Da wird schon mal so pro forma die Firma Vanguard abgeheuert , es könnte ja sein dass das eigene Personal krank wird oder gleich ganz kündigt und da muss ja vorbereitet sein.
Gestern noch verkündete Dr. Bracht im Fernsehn das man es ja nur gut meine und sich aus Sorge um die Patientensicherheit einen Privatendienstleister in sitller Reserve leiste .
Heute war zu erfahren das er uns Bürger wieder mal liebevoll auf den Arm nehmen will, den still und heimlich wurden jetzt die Pflegeleistungen der. "Bettenführende Stationen" die Fa. SGR vergeben.
Aufgaben die eigentlich das eigene Tochterunternehmen , die MKK- Service GmbH, im Auftrag hat.
Offenbar hat man immer noch genug Geld um Dienstleistungen gleich an 2 Unternehmen zu vergeben. Doppelbeauftragung nennt man das und anscheinend ist kein Preis zu hoch die eigenen Beschäftigten los zuwerden .
Getreu dem Motto " Wir sparen, koste es was es wolle "
Ich würde vorschlagen das man sicherheitshalber einen zweten Geschäftführer einstellt, falls Herr Dr. Bracht mal krank feiert oder keine Lust mehr hat die Öffentlichkeit auf dem Arm zutragen.

Okay, 15 Prozent mehr Beschäftigte im JWK... Wie viele Personen sind das denn absolut? Und wie viele Personen werden in Lübbecke und Rahden dann entlassen, weil dort nicht mehr sterilisiert wird?

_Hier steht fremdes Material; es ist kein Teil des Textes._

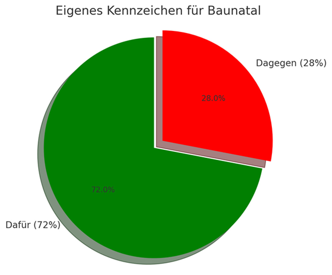 Wie geht es weiter? Die Mehrheit der Teilnehmenden spricht sich für ein eigenes Kennzeichen aus. Die Stadtverordnetenversammlung, so die Pressemitteilung, wird sich mit den Ergebnissen befassen und über das weitere Vorgehen entscheiden. Ein Antrag zur Änderung der sogenannten Fahrzeugzulassungs-Verordnung müsste über das Hessische Verkehrsministerium an die Bundesbehörde gestellt werden. Die Stadt Baunatal würde sich anderen befürwortenden Kommunen in einem gemeinsamen Antrag anschließen.

Die Informationen zu Vanguard lesen sich wie direkt aus der Broschüre des Herstellers abgeschrieben...

Solange sich die Ärzte die Hände waschen und regelmässig die Bude auf Krankenhauskeime überprüft wird okay. Aber nach all dem was man so vom JWK hört finde ich es ulkig gerade da sterilisieren zu lassen. Hatte man das etwa vorher GAR nicht getan? Die Meldung lest sich so eigenartig.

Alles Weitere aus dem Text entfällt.